Larry Bird - z piekła do raju cz. VI - ost.

Ziemowit Ochapski
Ziemowit Ochapski
2 października 1998 roku Larry Bird podczas uroczystej ceremonii w Springfield w stanie Massachusetts został wprowadzony do Koszykarskiej Galerii Sław. Wraz z nim do tego elitarnego grona włączono m. in. trenera Atlanty Hawks - Lenny'ego Wilkensa. - Obecność tutaj zamyka pewien etap mojej kariery - mówił przed zgromadzonymi gośćmi. - Krąży opinia, że prawdopodobnie już żaden dzieciak z French Lick nie dostanie się do NBA. Ja jednak uważam, iż pewnego dnia może to nastąpić. Szanse są niewielkie, lecz jeśli ktoś jest zdolny poświęcić wszystko dla realizacji tego celu, to drzwi stoją przed nim otworem.
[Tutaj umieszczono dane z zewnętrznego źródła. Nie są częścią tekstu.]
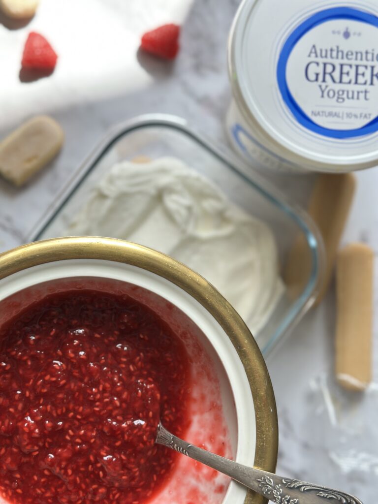 Klíčem k úspěchu je tučný řecký jogurt, a právě tento famózní jogurt najdete ➡️ http://eliesfood . Díky němu je krém sametově jemný, není to dezert který nakrájíte na kousky, potřebujete jen velkou lžíci a odvahu ji umět ve správný okamžik zastavit.V kombinaci s malinami a piškoty dostane jednoduchá skládačka chuťovou hloubku, která překvapí.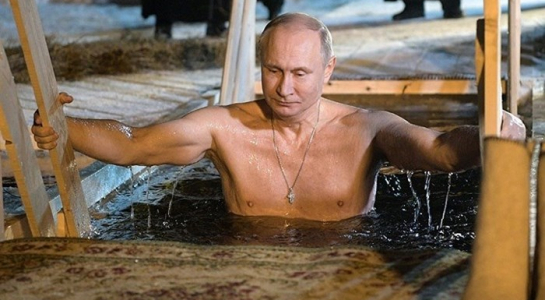 Hình ảnh Tổng thống Nga Putin dù đã 65 tuổi cũng tham gia nghi lễ tắm lạnh

Moment wprowadzenia do Basketball Hall of Fame to wyjątkowa chwila. Biologiczna córka Larry'ego, Corrie, miała wielką nadzieję, że będzie jej dane w niej uczestniczyć. Bird zignorował ją jednak tak samo jak wtedy, gdy na uroczystość przejścia na sportową emeryturę zaprosił całą rodzinę oprócz niej. - W zasadzie pomiędzy nami nie ma żadnej więzi. Miałam nadzieję, że to się zmieni, ale chyba nie ma na to szans - żaliła się studentka ostatniego roku Indiana State University.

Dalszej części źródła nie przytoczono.